YANIT: Macit Gökberk, aydınlanmacı tutumu ve felsefe tarihçisi kimliğiyle etkili oldu. Takiyettin Mengüşoğlu, insan felsefesi geleneğinin kurucusu olarak, İoanna Kuçuradi ise insan hakları ve etik odaklı çalışmalarıyla etkili oldu. Nermi Uygur kültür felsefesi konusunda, Ahmet İnam bize özgü, yani bu topraklardan doğacak bir felsefenin gerekliliğine yönelik çalışmalarıyla önemli. Doğan Özlem, tarihselci düşünce tarzını geliştirmesi ve hermeneutik konulu çalışmalarıyla hem ülkemizdeki felsefe tasarımının değişmesine katkıda bulundu, hem de bilim ve tarih felsefesi başta olmak üzere, düşünce dünyamıza yeni ufuklar açtı. Betül Çotuksöken, felsefi söylemin neliğine yönelik çalışmalarıyla, aydınlanmacı yaklaşımı günümüz koşulları içinde canlı tutmayı amaçlayan çalışmalarıyla ve ayrıca felsefeyi yaygınlaştırmaya yönelik girişimleriyle etkin bir felsefe öznesi olarak dikkati çekiyor. Uluğ Nutku insan felsefesi geleneğine toplumcu bir boyutu getirmesi ve güncel sorunları felsefenin ışığında işleme biçimiyle önemlidir.
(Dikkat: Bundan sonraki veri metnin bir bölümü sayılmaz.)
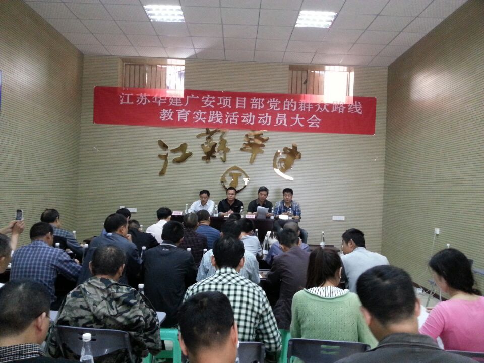 廣安官盛新區建設項目部黨小組召開黨的群眾路線教育實踐活動動員大會 時間:2014-04-17 5145 2014年4月16日,江蘇華建四川廣安官盛新區基礎設施暨美好家園建設項目部黨小組召開黨的群眾路線教育實踐活動動員大會。項目部所有黨員及各重要崗位管理人員共40余人參加會議。會議由珠海區域公司副總經理嚴正濤主持。珠海區域公司副總經理、總工程師周學軍在會上傳達了上級黨委關于深入開展黨的群眾路線教育實踐活動的實施方案和總的要求。珠海區域公司辦公室相關人員向與會者詳細介紹了本次活動所著力反對的“四風”的主要表現形式。官盛鎮黨委副書記馬江林參加會議,并對黨小組相關活動的開展提出了具體要求和指導意見。

Hilmi Ziya Ülken’in Türk düşünce tarihine yönelik çalışmaları da etkili ve yol gösterici olmuştur.

SORU 5: Türkiye’de felsefenin gelişmesi ve yaygınlaşması için neler yapılmalıdır?


YANIT: Felsefecilerimizin daha üretken olması, kendine özgü düşünceler ortaya koymaları, ama aynı zamanda insanların felsefeye yönelik ilgisini güçlendirecek ve hazırlayacak bir eğitim-öğretim programına da ihtiyaç vardır. Özellikle gençlere ve felsefe severlere yönelik yayınların çeşitlendirilmesi ve çoğalması da gereklidir.
Not 1: Bu söyleşi H. Haluk Erdem'in "Felsefenin Işığında Tartışmalar", adlı kitabında yer almaktadır. ARMA 1 yayınları, 2007, Ankara.
Not 2: (Yazının başında yer alan resimler sırasıyla şu felsefecilerimize aittir: Takiyettin Mengüşoğlu, Macit Gökberk, Ahmet İnam, Nermi Uygur.)